Esto no tiene nada que ver con que esta chica fuera más grande o más pequeña, más alta o más baja, con el culo del tamaño de un biplaza o más chiquitito que el de una modelo de Victoria’s Secret. Tiene que ver con el hecho de que en su cabeza no entraba el concepto de autocrítica al que saltamos tan deprisa la mayoría de las mujeres. Tenemos miedo a que se nos considere engreídas, y por esto recurrimos a una falsa modestia que, de tanto repetirse, acaba haciéndose cierta en nuestra cabeza. No quiero decir con esto que aprecie a las mujeres que andan todo el día echándose piropos, sobre todo porque en el 90% de los casos se trata de un intento de compensar lo que uno considera que no recibe de los demás. Pero hacía tanto tiempo que no conocía a alguien para quien la falsa modestia o la necesidad de compensación no fuese un hábito, que me hizo plantearme seriamente algunas cosas.

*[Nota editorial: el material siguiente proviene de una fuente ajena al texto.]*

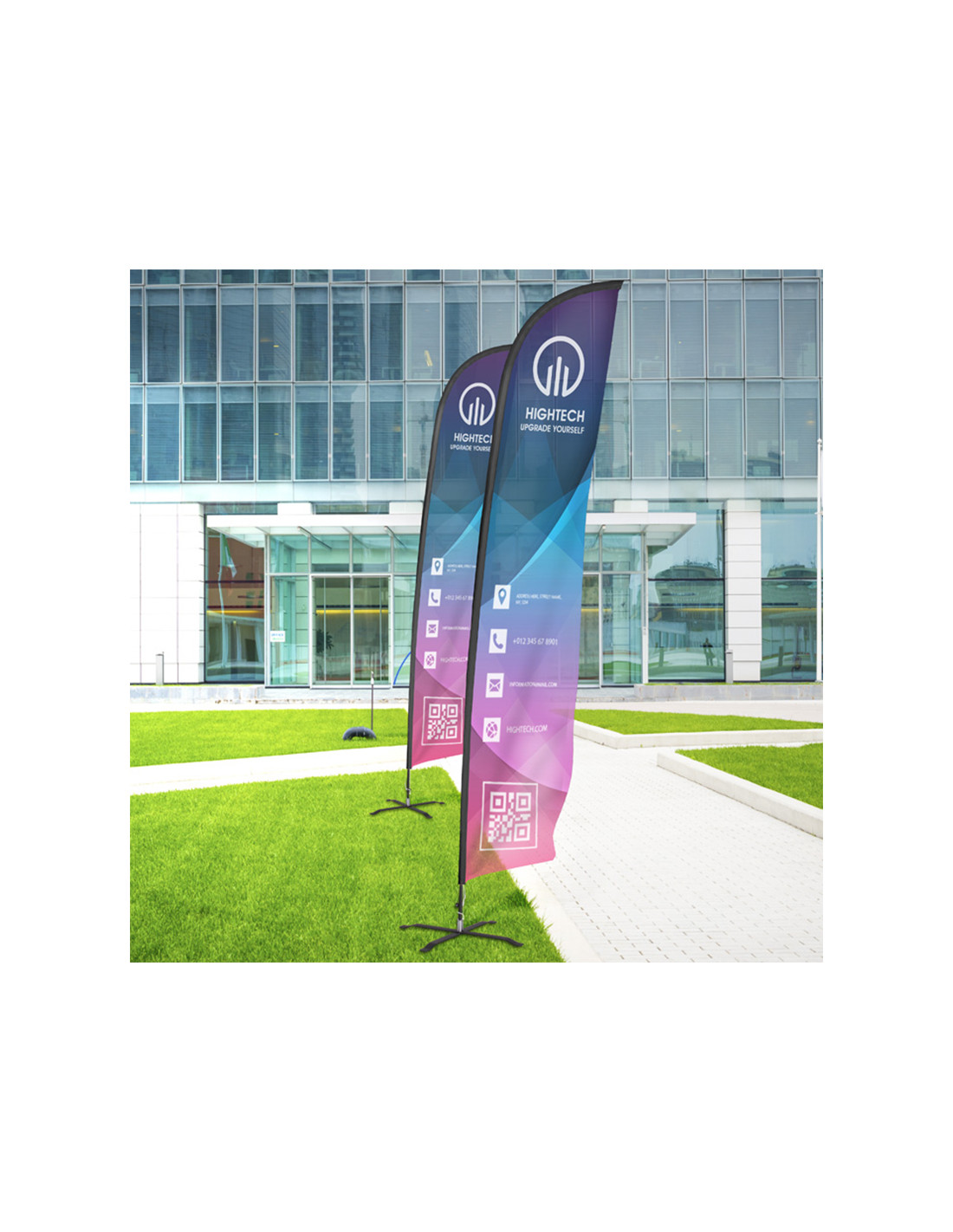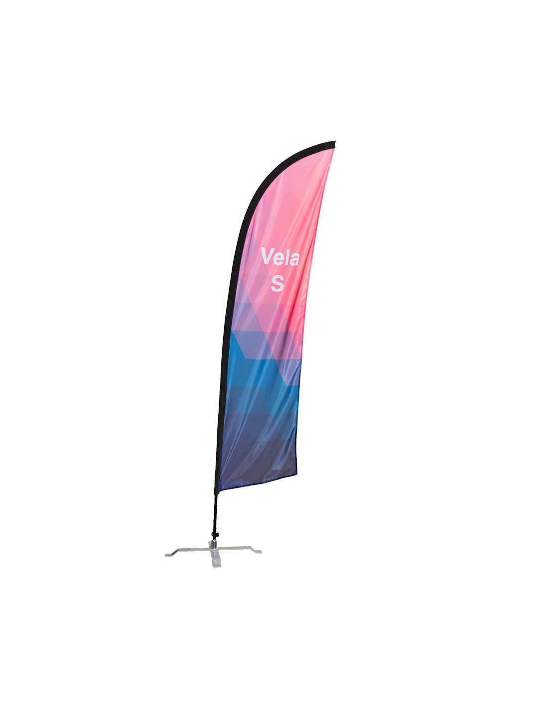 El conjunto de flag banner Vela incluye una gráfica en tejido Poliéster 110g, una estructura metalizada y cualquiera de los soportes disponibles. Es perfecta como indicadores en eventos culturales, congresos o convenciones, también para ferias y celebraciones especiales.

Y la respuesta está en las palabras, en lo que decimos. No es sólo que de lo que pensemos salgan las palabras, sino que también funciona el proceso al revés. Si repetimos las suficientes veces «soy fea», «soy incapaz», «soy inútil», inevitablemente acabaremos pensando precisamente esto. Tampoco es plan de repetirse, cual mantra, «soy guapa», «soy maravillosa», «soy genial», porque simplemente queda artificial y forzado. Creo que se trata más bien de capturar los pensamientos negativos antes de traducirlos a palabras y mordernos la lengua con fuerza. No se trata de tragarse el «soy fea» y sustituirlo por un «soy guapa», se trata más bien de comprarse esa minifalda en un color horrible y ponérsela con los tacones más altos que tengas, la camiseta más bonita que encuentres, y la sonrisa más deslumbrante que poseas. Lo demás vendrá por sí solo.

En otra ocasión hablaré del complicado arte de recibir cumplidos que, al contrario de lo que la mayoría piensa, es bastante más complejo que recibir insultos. But that’s another story.